* [ACTIVITY]
In the entries below, which lines run from the one with "Backstage, the very" through the one with "- RELIEF DELIGHT"? Repeat exactly those, both included, and no pictures.

* [DATA SUPPLIED]
********************

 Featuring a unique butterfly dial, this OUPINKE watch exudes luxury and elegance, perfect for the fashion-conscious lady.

********************

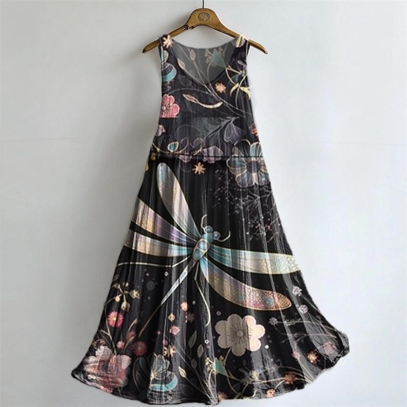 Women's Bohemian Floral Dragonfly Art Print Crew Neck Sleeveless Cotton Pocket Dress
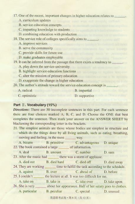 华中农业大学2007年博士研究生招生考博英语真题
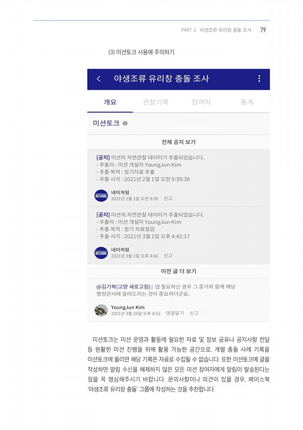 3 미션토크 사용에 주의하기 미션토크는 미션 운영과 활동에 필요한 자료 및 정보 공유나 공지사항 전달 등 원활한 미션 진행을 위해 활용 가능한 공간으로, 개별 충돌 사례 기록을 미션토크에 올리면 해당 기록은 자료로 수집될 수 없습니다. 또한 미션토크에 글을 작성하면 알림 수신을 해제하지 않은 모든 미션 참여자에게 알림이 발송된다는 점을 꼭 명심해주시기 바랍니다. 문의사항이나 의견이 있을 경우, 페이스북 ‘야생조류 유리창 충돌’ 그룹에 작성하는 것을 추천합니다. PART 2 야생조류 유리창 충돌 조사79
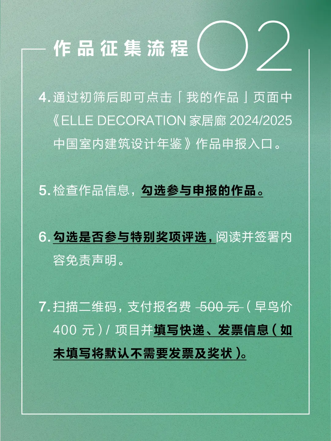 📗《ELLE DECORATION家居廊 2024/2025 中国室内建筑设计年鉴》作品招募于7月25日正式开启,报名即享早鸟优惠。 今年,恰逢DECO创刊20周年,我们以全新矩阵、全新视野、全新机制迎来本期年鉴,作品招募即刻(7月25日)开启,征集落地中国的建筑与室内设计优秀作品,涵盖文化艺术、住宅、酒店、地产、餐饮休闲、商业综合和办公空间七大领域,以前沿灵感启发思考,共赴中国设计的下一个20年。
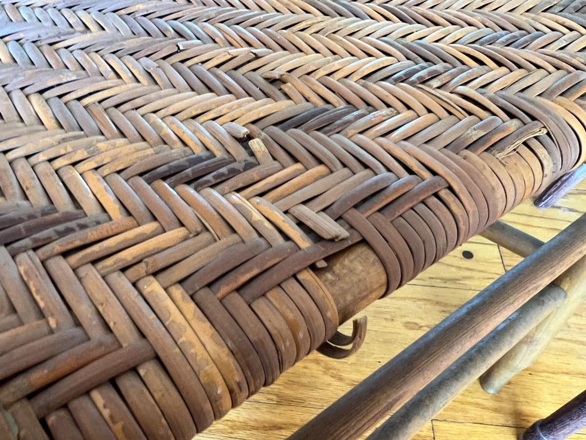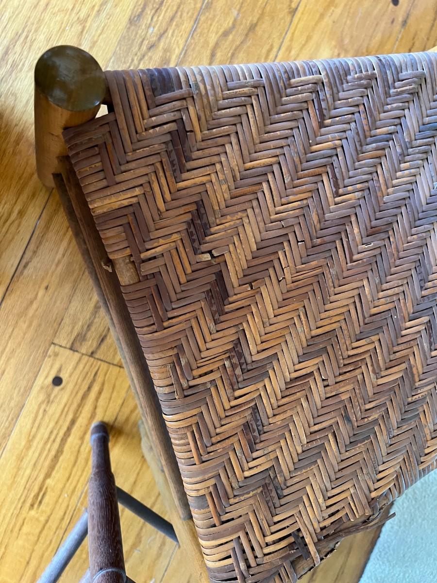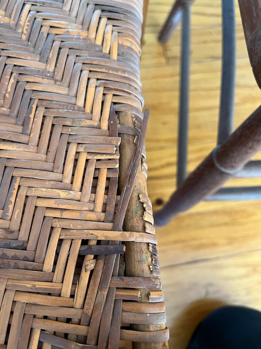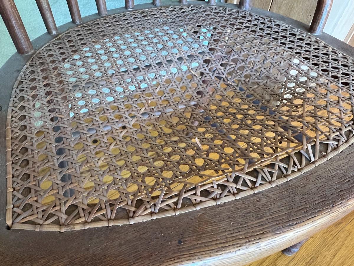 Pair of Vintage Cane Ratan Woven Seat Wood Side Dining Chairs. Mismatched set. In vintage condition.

********************

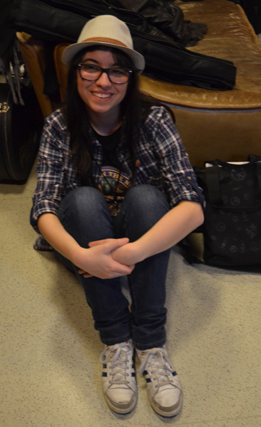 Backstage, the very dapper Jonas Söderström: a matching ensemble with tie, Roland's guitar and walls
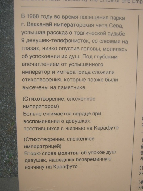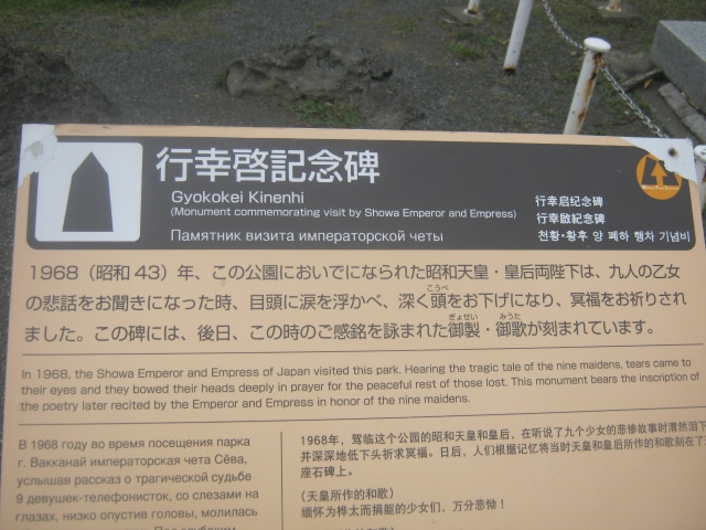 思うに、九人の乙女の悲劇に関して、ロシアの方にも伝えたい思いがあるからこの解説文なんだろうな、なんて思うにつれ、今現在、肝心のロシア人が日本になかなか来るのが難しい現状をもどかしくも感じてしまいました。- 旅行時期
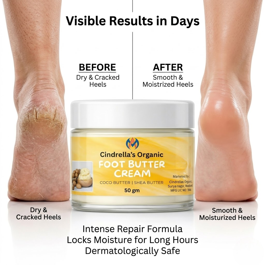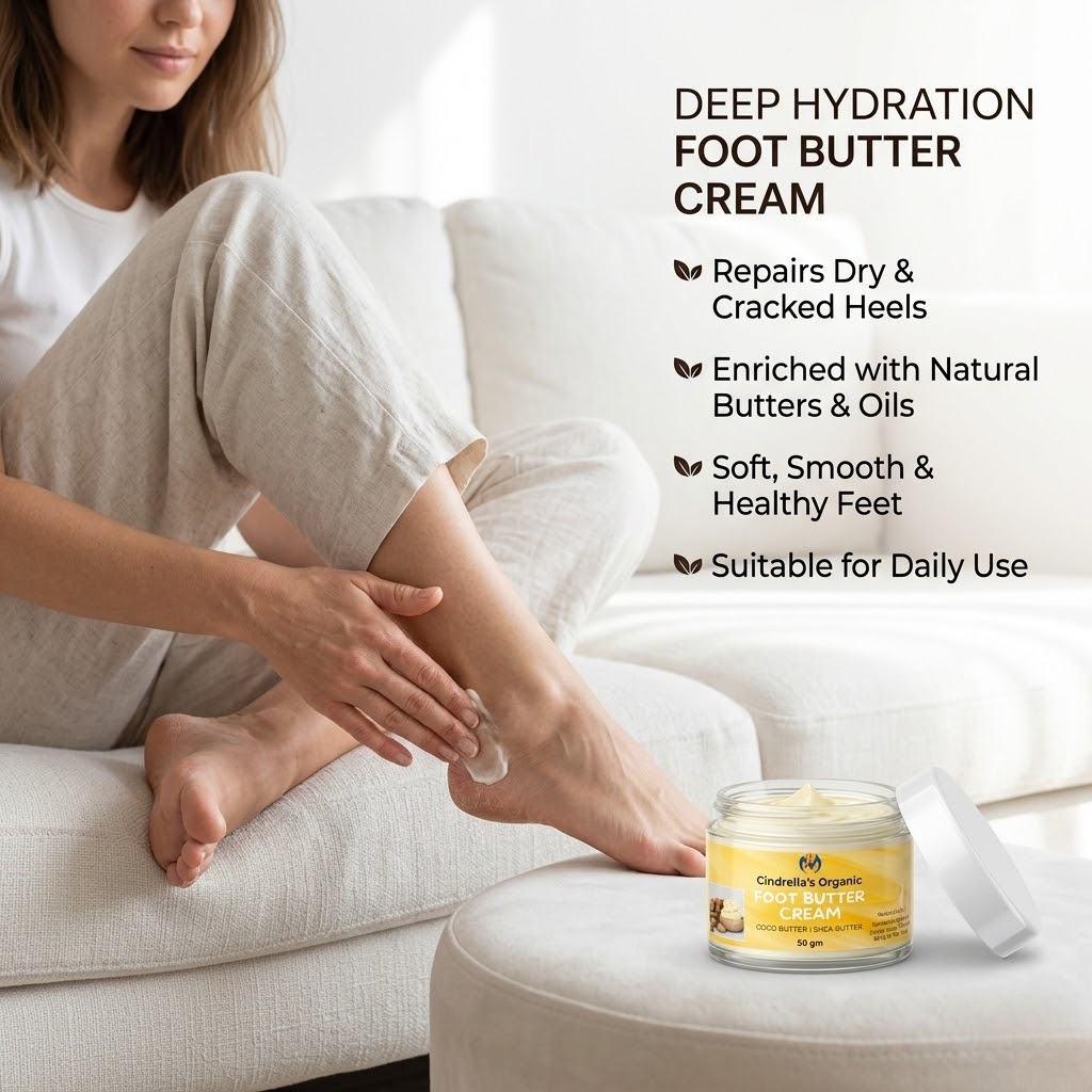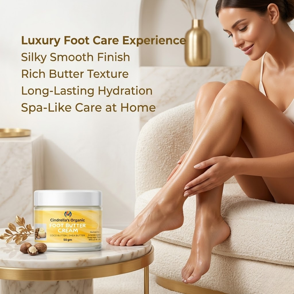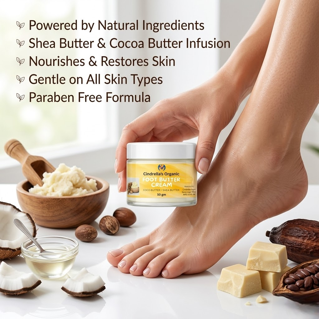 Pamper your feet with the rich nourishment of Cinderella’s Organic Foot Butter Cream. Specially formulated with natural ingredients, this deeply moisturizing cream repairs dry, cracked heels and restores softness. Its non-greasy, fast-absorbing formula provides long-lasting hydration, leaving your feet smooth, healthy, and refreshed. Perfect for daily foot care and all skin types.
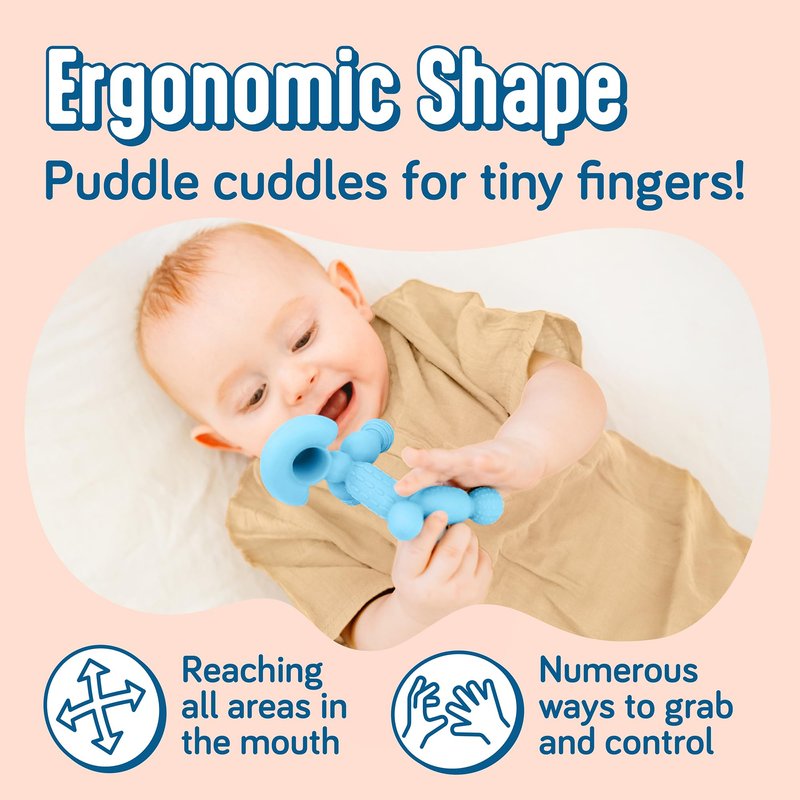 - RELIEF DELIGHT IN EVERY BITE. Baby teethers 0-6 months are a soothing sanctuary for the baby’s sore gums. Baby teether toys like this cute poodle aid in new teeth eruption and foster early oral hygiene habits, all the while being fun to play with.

********************

* [FINISHED TASK]
 Backstage, the very dapper Jonas Söderström: a matching ensemble with tie, Roland's guitar and walls
 思うに、九人の乙女の悲劇に関して、ロシアの方にも伝えたい思いがあるからこの解説文なんだろうな、なんて思うにつれ、今現在、肝心のロシア人が日本になかなか来るのが難しい現状をもどかしくも感じてしまいました。- 旅行時期
 Pamper your feet with the rich nourishment of Cinderella’s Organic Foot Butter Cream. Specially formulated with natural ingredients, this deeply moisturizing cream repairs dry, cracked heels and restores softness. Its non-greasy, fast-absorbing formula provides long-lasting hydration, leaving your feet smooth, healthy, and refreshed. Perfect for daily foot care and all skin types.
 - RELIEF DELIGHT IN EVERY BITE. Baby teethers 0-6 months are a soothing sanctuary for the baby’s sore gums. Baby teether toys like this cute poodle aid in new teeth eruption and foster early oral hygiene habits, all the while being fun to play with.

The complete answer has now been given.